Which is all to say just this: that we need to listen, to pay attention, to be in the moment, to step out of our egoic preoccupations and into the light. Because, if we take that chance or make that choice, there may be amazing, even life-changing insights and surprises just waiting for us. Like this beach, that picture I promised, which the blogger is finally allowing me to load!

Monday, October 15, 2007

Drinking in the moment



Poised,
sipping at the lip of Now,
I am suddenly awash
in the sweet liquid fire of Eternity.
Today I thirst for the brown groundedness of the earth
and drink
the luscious blueberry sky;


my aching shoulders quenched by the flood of leafy green,
my heart is set alight with Sumac flame.

Emptying myself,
I welcome You:
Pour into me and over me;
Drench me in your sacred color.

Saturday, October 13, 2007

Mindfulness and the Via Media


I have spent much of my time this past week processing photographs -- naming and filing the best ones, tossing the bad ones. But there's another step in there that I don't talk about very much, because, for photographers, there's a little bit of shame around that step.

This particular step, the one I realized in meditation this morning that I have been ashamed to talk about, is Photoshopping: taking a weak photo and making it better. Why is there shame around this issue? In my particular case, the shame is this: I bought a new camera back in January, and I cannot seem to get it to handle light as gracefully as my former camera did. I have played with any number of settings, but cannot achieve the balance of light and color that my old camera did almost automatically.

So why is this shameful? Because there is a sense among photographers that we should KNOW our equipment; that we should be able to manipulate all the variables available to us -- focus, aperture, exposure, ASA, etc. -- to produce a uniquely individual image that expresses our particular vision of the world. But I am not what is known in the trade as an equipment jock: I tend to stick to one camera and one lens; for me photography is about composition, what I see through the viewfinder and its relation to the world around me. In the Tao of photography, we are "supposed" to strike a balance between the feminine side of photography -- capturing what we see in response to some inner muse -- and the masculine side: manipulating the event and the equipment to CREATE an image. Clearly I tend to err on the feminine side of this equation.
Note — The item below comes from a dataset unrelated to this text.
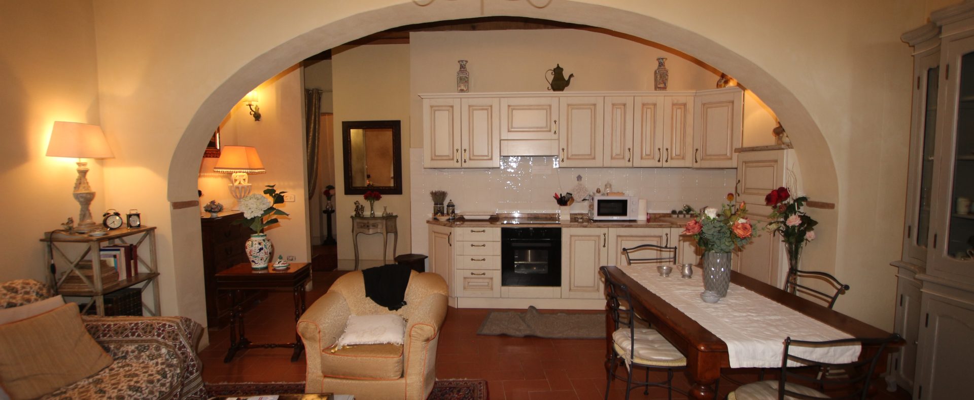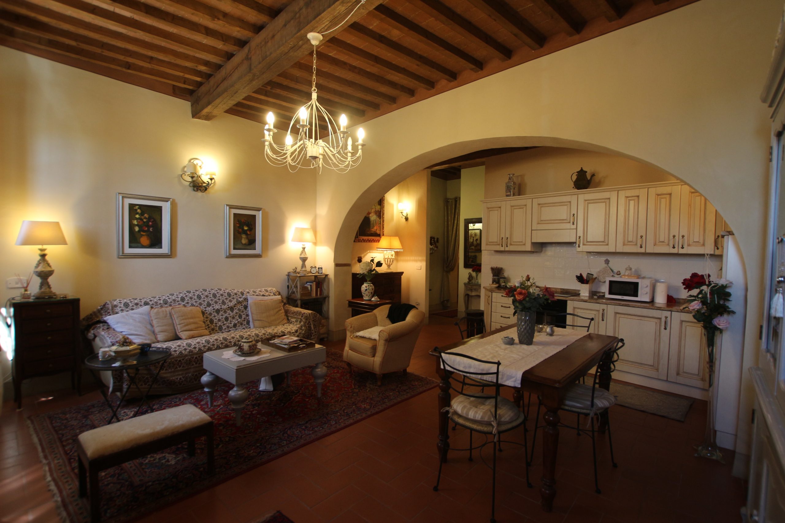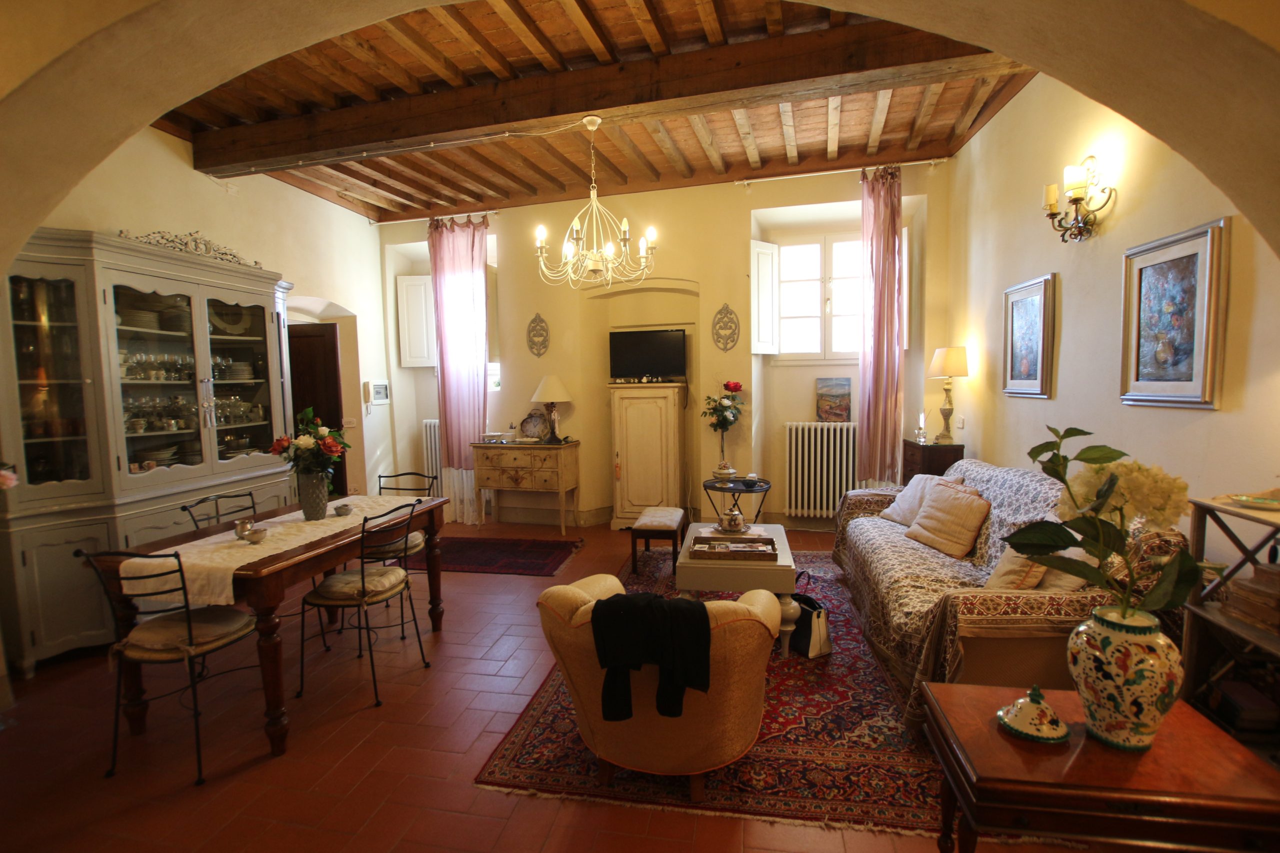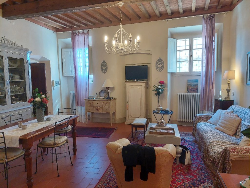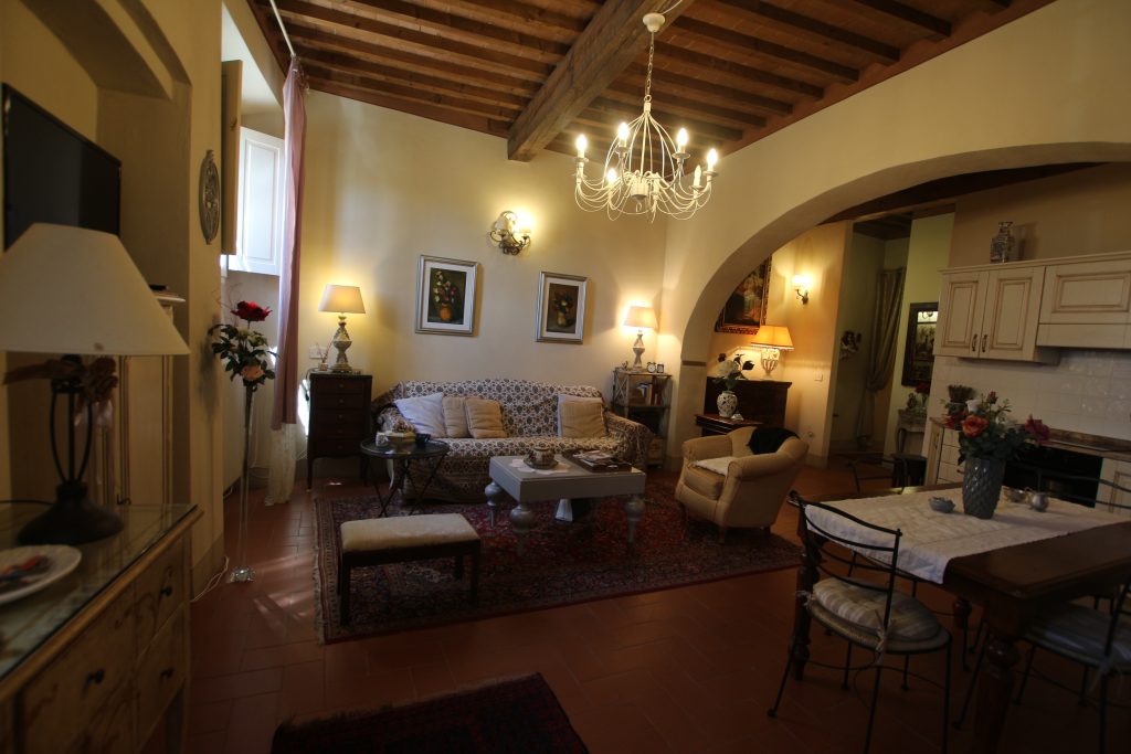 I Terricciola kommune, i sentrum av Soiana, en nydelig landsby blant de bølgende toskanske åsene er en søt og smakfull innredet leilighet til salgs. Den er bare en halvtimes kjøretur fra Pisa flyplass, 40 minutter fra Tirrenia-kysten, 15 minutter fra nærmeste togstasjon og motorvei. Den er på bakkeplan og ligger i et ombygd historisk kloster med felles svømmebasseng og hage. Sameiet består av: 12 enheter totalt og det er en forvalter av sameie.
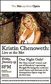 Chenoweth headlined the one-night-only concert during her break from performing in the Roundabout Theatre Company's 2006 revival of The Apple Tree.[2][3] She was only the third musical theatre actor ever to present a solo concert at the Met, following Barbara Cook and Yves Montand.[4] The concert was directed by Kathleen Marshall and featured a 12-piece orchestra conducted by Andrew Lippa.[2] Chenoweth performed a diverse selection of musical theatre, light opera, pop, country and fan favorites. She was joined on stage by two dancers, Seán Martin Hingston and David Elder, and the Juilliard Choral Union (JCU).[3]

Which is not to say I don't manipulate. But I do my manipulating in Photoshop. What I realized this morning is that what I do in Photoshop is not unlike what I do in meditation: I look for the point of interest, the object or subject that was capturing me at the time I popped the shutter, and I attempt to throw light on it. And, because my camera hasn't been doing a good job of this, I have to be much more conscious about the process.

What this means is that I take an image like this one and, using Photoshop, I work to achieve a more even balance between the light and the dark, so that the point of interest may be more exposed, and so that the other elements of the photo also have a chance to shine. Because if each element does its part in a balanced manner, the image will have the impact that the composition deserves. The data that emerges is already in the image, but for whatever reason the initial capture was out of balance. The result of my labors is the image that appears at the top of this post.

What does this have to do with mindfulness and the Via Media? Hmm. I think it may take SEVERAL blogs to answer that question. But the short answer is this: that mindfulness is the act of drawing attention to the present moment, while at the same time being aware of all that is happening around the focus of that moment. Mindfulness is being aware of the possibilities in the moment as well as its situation and context. Which is what happens in the Photoshopping process: I am going back into the photographic moment and drawing attention to the subject of my photo, while at the same time, by evening out the balance of light and color, attempting to give weight to what is going on around the photo. And my particular approach to that is very like my approach to faith, and politics, and life in general: an emphasis on the Via Media, the Middle Way. Or, another way to say that, everything in moderation, everything in balance. In politics, in faith, and in photography, I approach the subject with an egalitarian willingness to consider that, on some plane, every point may have value. I try -- though I do not always succeed -- to approach human beings the same way. As Einstein says, "Everyone should be respected as an individual, but no one idolized."

Which, I realize as I look out the window and see that the morning fog has rolled in, is probably why, as a photographer, I am so much more pleased with my work when shooting here in the Northwest. The diffuse light created by gray skies and fog makes it easier for me and my camera to achieve a balance of light and color. In New England, as in Venice, it was those glorious bright sunny days that made it so difficult to achieve the balance I seek.

For some reason that makes me think of a quote I read just this morning from Bahauddin's The Drowned Book: "Grief is better than happiness, because in grief a person draws close to God. Your wings open. A tent is set up in the desert where God can visit you." Perhaps grief, like gray skies, fog and rain, draws a blanket of gray over our vision, like one of those neutralizing filters we photographers are supposed to use on bright sunny days. And somehow leveling life out that way, even though it makes life or images feel flat, allows what is really important to shine through; raises our conscious awareness of the totality of each moment, of all the factors that contribute to who we are and what we see and feel. And it may be that that openness to the possibility of the moment is the ingredient most likely to fuel growth and change.